# Cramp Betta spotted at car dealership



## AquaNeko (Jul 26, 2009)

North York Chrysler

I was at the dealership to get a oil, lube, & filter done and some extra vehicle maintanence and in the maintance counter there was a Betta in a small lidded jar about the size of your fist.  Little fish hardly could flutter the fins. I didn't say anything then but next time I'm around to have the car checked out for something and if I see that there I'll mention something. The amount of water in there was about one of those regular small during sale Betta cups with about half a cup more of water in there.
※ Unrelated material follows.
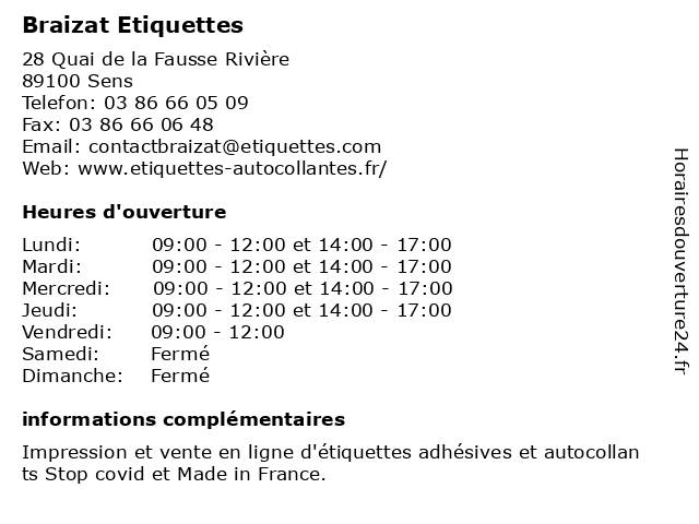 | Samedi | Fermé |

If anyone else uses this dealership we need to say something and see if theyll upgrade it to 1-2.5gal tank. Their computer monitors like 1 ft away from the Betta so light/air or filter powering should not be an issue. Hell all all the bright light in there could power a small solar panel if they wanted to keep that fish self contained.


----------



## bigfishy (Jun 19, 2009)

HEY!What's that over there???

Shove the betta into the pocket and walk away


----------



## AquaNeko (Jul 26, 2009)

bigfishy said:


> HEY!What's that over there???
> 
> Shove the betta into the pocket and walk away


Yah after they already have your data called up already and car locked in. Good plan. LOL.. What could possiblely go wrong then?


----------